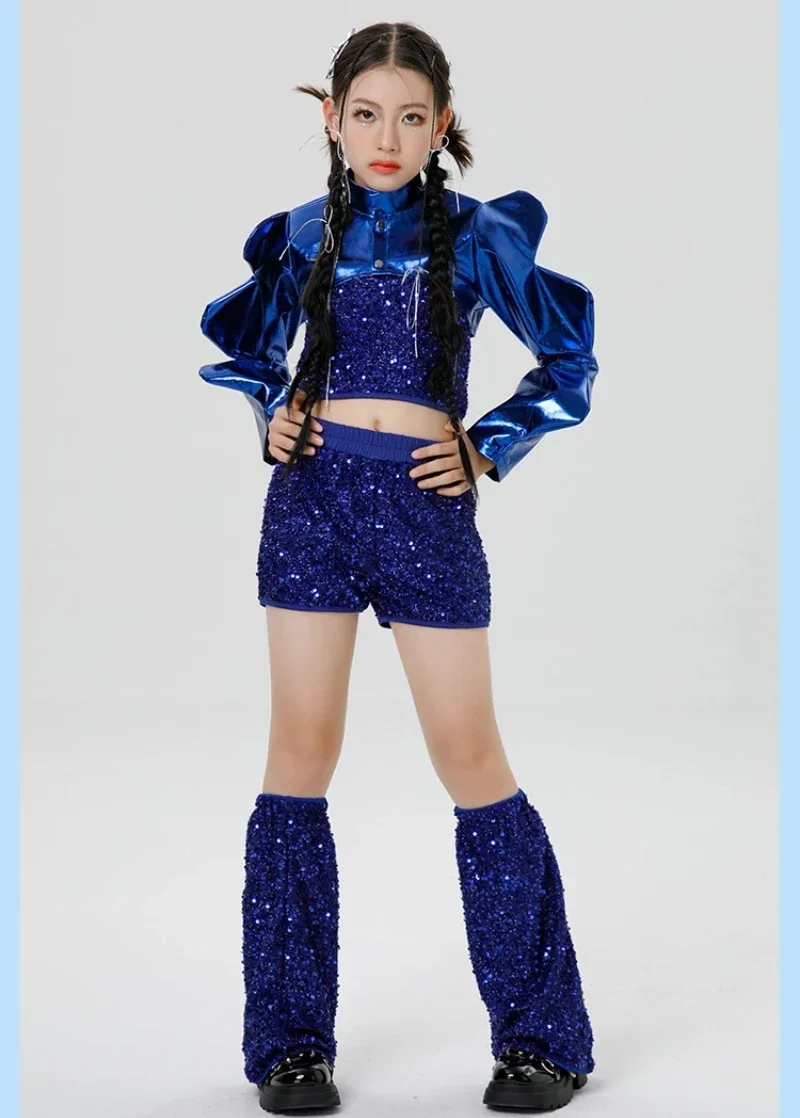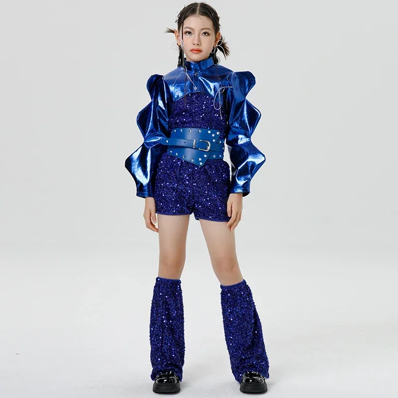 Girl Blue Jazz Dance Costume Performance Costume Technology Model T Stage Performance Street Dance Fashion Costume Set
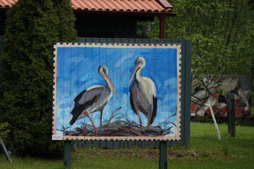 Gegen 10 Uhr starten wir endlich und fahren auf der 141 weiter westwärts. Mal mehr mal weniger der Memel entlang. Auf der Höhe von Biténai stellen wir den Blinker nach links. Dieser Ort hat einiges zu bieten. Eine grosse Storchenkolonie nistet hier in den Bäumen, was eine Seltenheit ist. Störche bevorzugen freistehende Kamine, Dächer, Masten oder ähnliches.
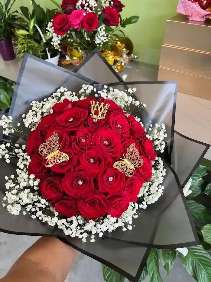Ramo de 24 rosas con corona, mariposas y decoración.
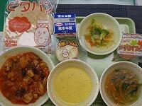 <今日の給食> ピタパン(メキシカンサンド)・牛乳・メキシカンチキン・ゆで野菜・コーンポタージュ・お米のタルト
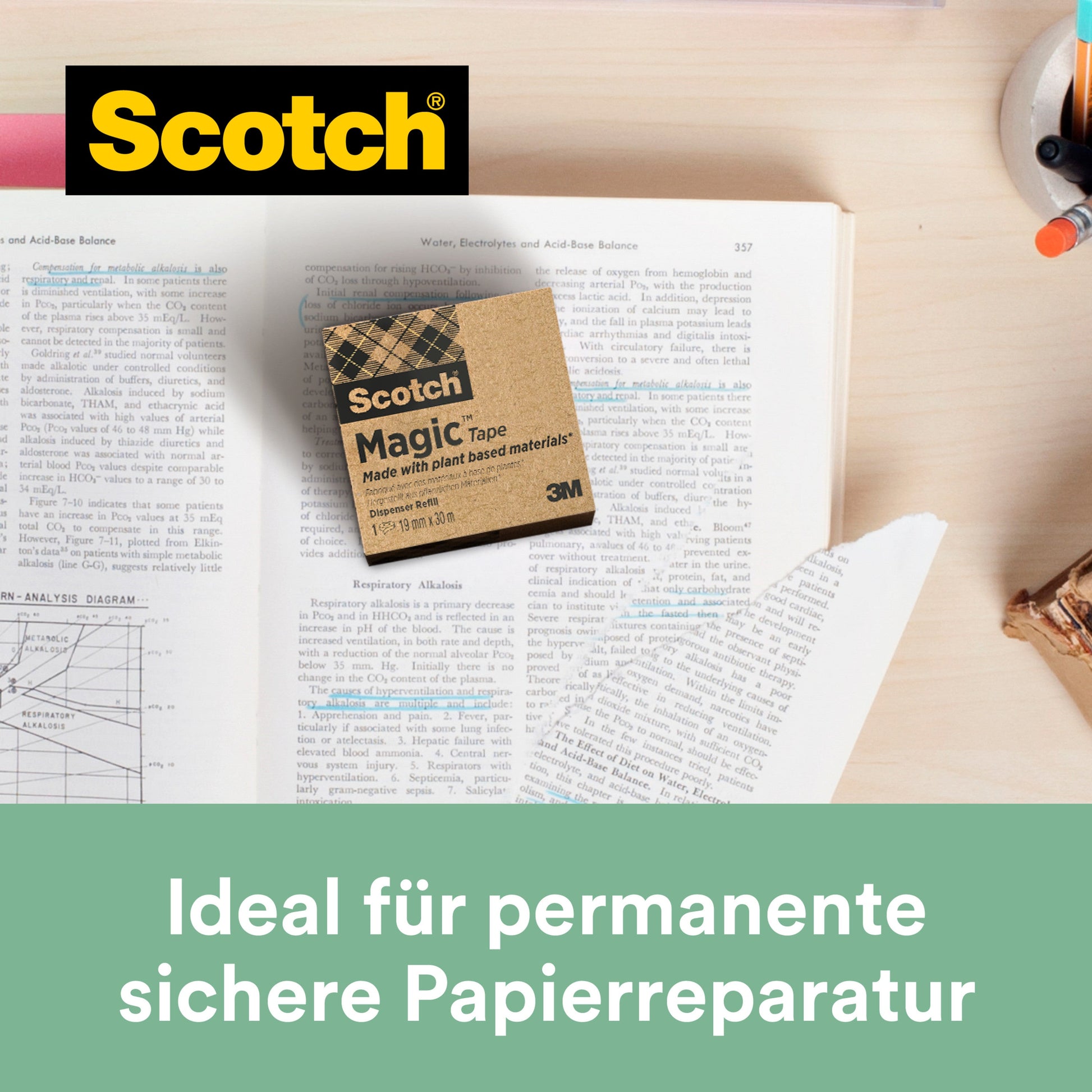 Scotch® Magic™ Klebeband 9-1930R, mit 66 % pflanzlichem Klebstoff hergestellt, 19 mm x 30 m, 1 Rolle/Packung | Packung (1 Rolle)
▬▬▬▬▬▬▬▬▬▬
**What needs to be done:** Exact copies of the lines from the one containing "Ramo de 24 rosas" through the final line of the data are required; pictures are to be omitted.

**Task answer:**
Ramo de 24 rosas con corona, mariposas y decoración.
 <今日の給食> ピタパン(メキシカンサンド)・牛乳・メキシカンチキン・ゆで野菜・コーンポタージュ・お米のタルト
 Scotch® Magic™ Klebeband 9-1930R, mit 66 % pflanzlichem Klebstoff hergestellt, 19 mm x 30 m, 1 Rolle/Packung | Packung (1 Rolle)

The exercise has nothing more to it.